Material for this exercise Start Marker
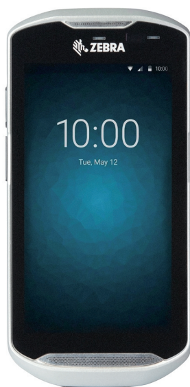
Le terminal TC56

de gestion avancées, y compris en ce qui concerne l'alimentation des terminaux. D'un point de vue sécuritaire, l'adoption généralisée d'Android impactera profondément les pratiques de gestion traditionnelles, et requerra l'accès à de nouvelles compétences ou leur acquisition, pour assurer le déploiement et la gestion du parc de PDA et de terminaux métier.
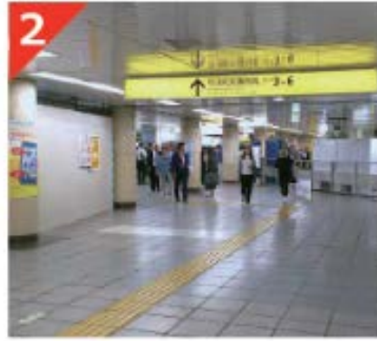
2 3～6番出口方向の改札を目指します。
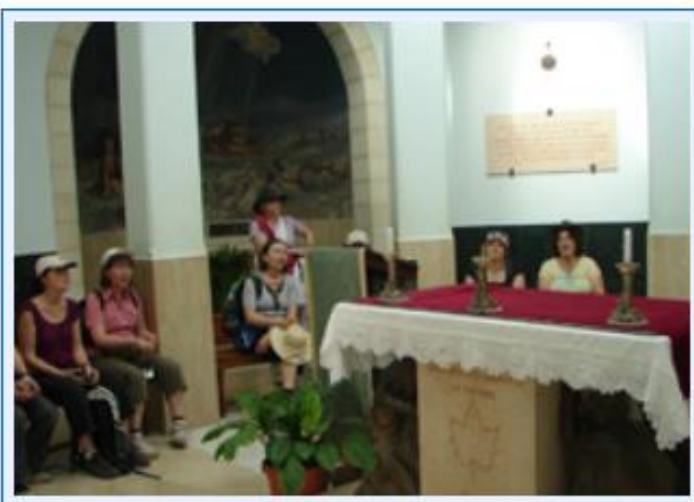
17 Singen in der Kirche auf den Hirtenfeldern
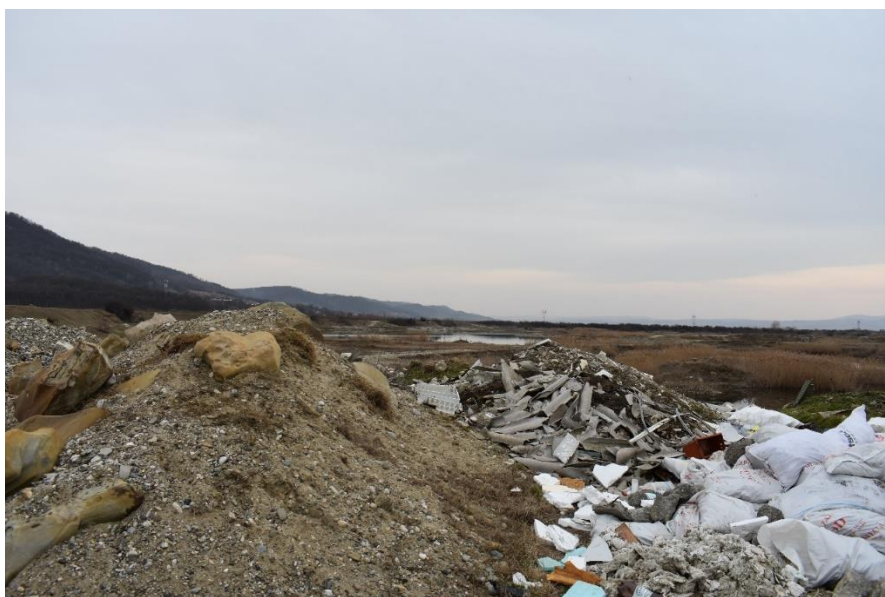
Deșeuri depozitate ilegal în ROSACI0434
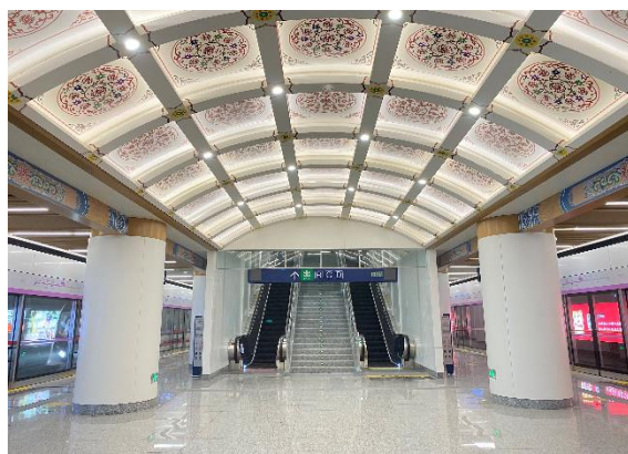
公司产品在地铁的应用
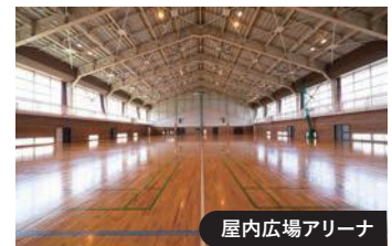
屋内広場アリーナ
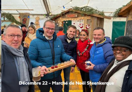
Décembre 22 - Marché de Noël Steenkerque
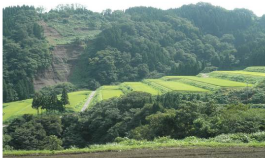
▲最優秀賞 「田んぼのかいだん」
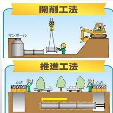
汚水管渠整備工事
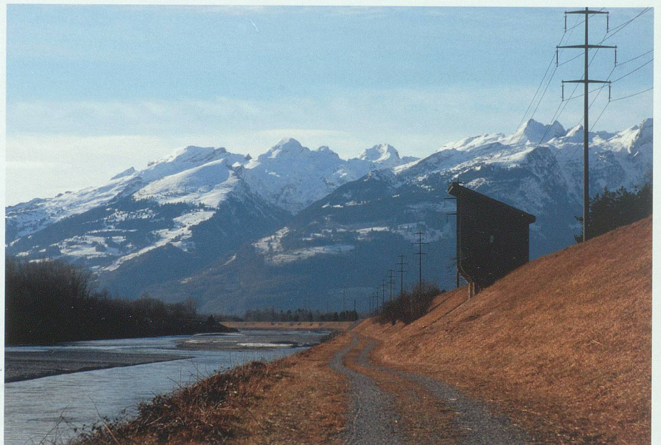
Einer der letzten Zeugen: Das Häuschen der einstigen Salezer Kolmationsschleuse dient heute als Wasserstandsmessstation.

Die einzige Scheidewand dieser Wassermasse, die 1868 über 100 000 Cubikfuss pro Secunde lieferte, und dem Hinterland bildet das Wühr, ein Kiesdamm von 12 Fuss Kronenbreite mit 1½ füssigen Böschungen und rheinseits 2–2½ Fuss dick mit Steinen verkleidet. Die hinten liegenden alten Wühr und Dämme fallen, weil niedriger als die neuen Wühr, völlig ausser Betracht. Es ist klar, dass diese Hochwühr, obschon die Plattform 2 Fuss über dem höchsten Wasserstand von 1868 liegt, Besorgniss erregend sind, indem bei allfälligem Bruch nicht bloss ein Theil des Rheins sein Bett verlässt, sondern die ganze Wassermasse sich mit furchtbarer Kraft über das Land ergiesst, dasselbe überschwemmt und verheert und erst mehrere
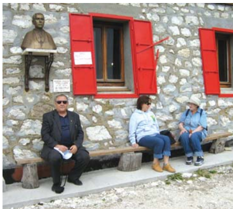
Terminillo (Rieti), 9 agosto 2006, devoti del Venerabile Massimo Rinaldi davanti al rifugio e al busto del Rinaldi (foto di Angela Alfonsi, Santa Rufina di Cittaducale (Rieti))

una degna, sincera, esemplare commemorazione. La sua fisionomia personale e spirituale, richiama quella dei tipi francescani umbri e sabini, del più genuino periodo medioevale, pastore e agricoltore, sacerdote e missionario, soprattutto missionario: pronto e spedito in tutto, fedele al suo dovere, di giorno e di notte; semplice e modesto; non asceta però, non mistico, altroché forse nel fondo inesplorato dell'anima; uomo di buon senso e di buon cuore; incurante di sé e del suo, che egli riteneva non suo ma dei poveri. Visse sempre alla buona, senza pompa né fasto. Alla pompa doverosa delle sacre funzioni episcopali egli si adattava, potrei dire si sottoponeva con un abbandono di sacrificio. Parco, laborioso senza soste, indurito alla fatica, al freddo, alle privazioni e disagi, in quelle sale del suo palazzo vescovile dove si soffocava l'estate, e l'inverno si gelava; ed egli, per poter lavorare dietro un suo piccolo tavolo a scrivania, a volte sino a notte
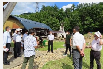
森林総合教育センター(モリス)を視察

(株)ひだキャトルステーションにおける飛騨牛繁殖研修施設としての取組や、森林総合教育センター(モリス)における森林教育の拠点施設としての取組等について調査しました。
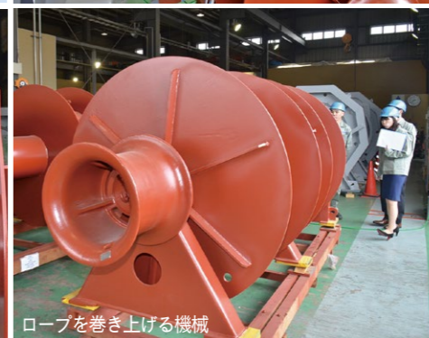
ロープを巻き上げる機械
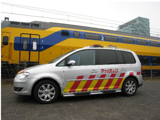
Figuur 1.1 Voertuig OvD-Rail

ProRail heeft een eigen incidentbestrijdingsorganisatie (ProRail Incidentenbestrijding) die opereert vanuit verschillende locaties in Nederland. De voertuigen van ProRail incidentenbestrijding mogen ook met optische en geluidssignalen rijden (en zijn dan dus voorrangsvoertuigen, met de hiermee gepaard gaande ontheffingen van het Reglement Verkeersregels en Verkeerstekens (RVV 1990). Hierbij valt – mits veilig en binnen de in de brancherichtlijnen gestelde grenzen – te denken aan het door rood licht rijden of harder rijden dan de maximaal toegestane snelheid. Het incidentbestrijdingsteam van ProRail, aangevoerd door een ploegleider, heeft technische kennis van de infrastructuur, van spoorwegmaterieel en van afsluiters van spoorwagons.
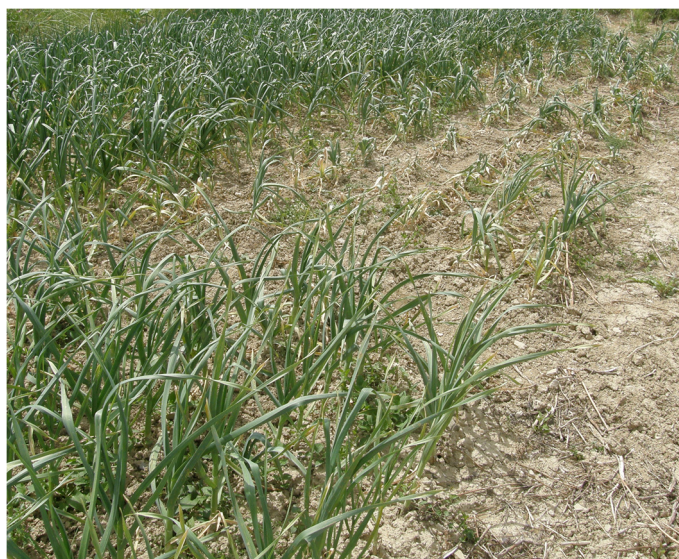
Napad ogorčic na posevku česna.

Oploditev, izleganje jajčec in celoten razvoj ogorčic poteka v rastlinskem tkivu. Razvoj D. dipsaci je odvisen od temperature. Samice začnejo izlegati jajčeca že med 1°C in 5°C, optimalne temperature za izleganje jajčec pa so med 13 in 18°C. Izleganje se preneha pri temperaturi 36°C. Samice izležejo med 200 in 500 jajčec. Največja aktivnost in največja agresivnost stebelnih ogorčic je med 10 in 20°C. Celoten razvoj D. dipsaci traja na čebuli 17 do 23 dni pri temperaturah med 13 in 22°C. V rastlinskem tkivu gostiteljskih rastlin se lahko razvije več zaporednih generacij, razvoj pa je lahko prekinjen v četrtem larvalnem stadiju. V vrsti D. dipsaci poznamo več različnih bio-ras, ki se razlikujejo po različnih gostiteljskih krogih. Različne bio-rase imajo tudi skupne gostitelje, nekatere pa so sposobne tudi medsebojnega križanja, zato je še vedno določanje bio-ras nezanesljivo. V splošnem velja da je gostiteljski krog bio-rase » Alium « omejen na čebulo, česen, druge vrste čebulnic rodu Alium , fižol, grah, bob, sojo in peso. Bio-rasa » Chicorium « pa napada: radič, špinačo, motovilec, endivijo, solato, česen pa je slab gostitelj za to bio-raso.
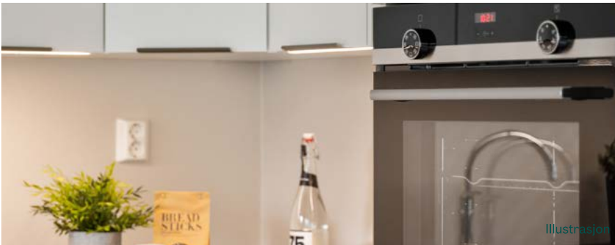
Illustrasjon av et standard kjøkken Bildet viser standard kjøkkeninnredning
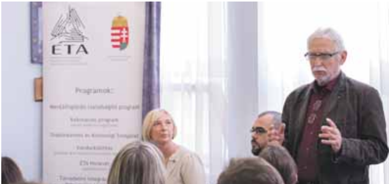
Esélyegyenlőség a gyakorlatban | Integrálódás a társadalomba

A fogyatékossgal élő embereket segítő szociális rendszer számos eleme az esélyegyenlőség megteremtésének fontos mozgatórugója lett társadalmunknak, azonban gyakorlatban még mindig nehezen valósul meg az egyenrangú életvitel.
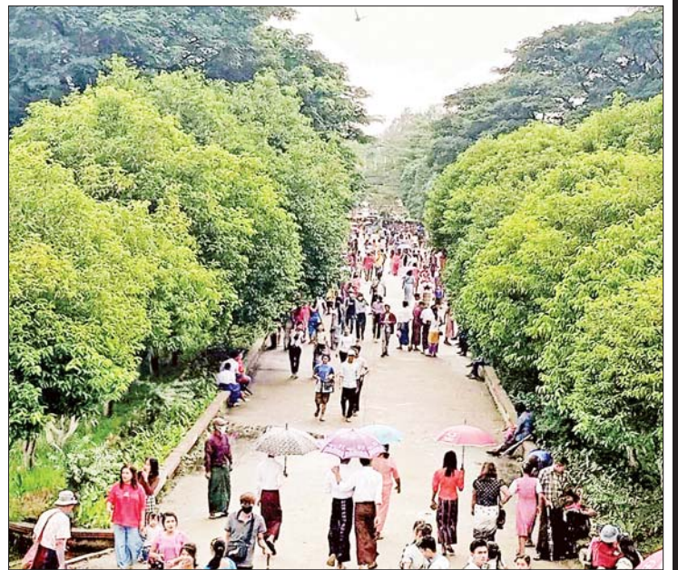
ပြည်ထောင်စုတိုင်းရင်းသားကျေးရွာ (ရန်ကုန်)၌ တန်ဆောင်မုန်းလပြည့်နေ့တွင် အပန်းဖြေလာရောက်လည်ပတ်ကြသူများဖြင့် စည်ကားများပြားလျက်ရှိသည်ကို တွေ့ရစဉ်။ သတင်းစဉ်
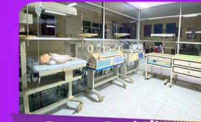
Ruang Praktikum Kebidanan
Material for this exercise End Marker
● **Task to complete**
For each line of the material that contains the word "ogorčic", make a copy.

● **Solved exercise**
Napad ogorčic na posevku česna.
Oploditev, izleganje jajčec in celoten razvoj ogorčic poteka v rastlinskem tkivu. Razvoj D. dipsaci je odvisen od temperature. Samice začnejo izlegati jajčeca že med 1°C in 5°C, optimalne temperature za izleganje jajčec pa so med 13 in 18°C. Izleganje se preneha pri temperaturi 36°C. Samice izležejo med 200 in 500 jajčec. Največja aktivnost in največja agresivnost stebelnih ogorčic je med 10 in 20°C. Celoten razvoj D. dipsaci traja na čebuli 17 do 23 dni pri temperaturah med 13 in 22°C. V rastlinskem tkivu gostiteljskih rastlin se lahko razvije več zaporednih generacij, razvoj pa je lahko prekinjen v četrtem larvalnem stadiju. V vrsti D. dipsaci poznamo več različnih bio-ras, ki se razlikujejo po različnih gostiteljskih krogih. Različne bio-rase imajo tudi skupne gostitelje, nekatere pa so sposobne tudi medsebojnega križanja, zato je še vedno določanje bio-ras nezanesljivo. V splošnem velja da je gostiteljski krog bio-rase » Alium « omejen na čebulo, česen, druge vrste čebulnic rodu Alium , fižol, grah, bob, sojo in peso. Bio-rasa » Chicorium « pa napada: radič, špinačo, motovilec, endivijo, solato, česen pa je slab gostitelj za to bio-raso.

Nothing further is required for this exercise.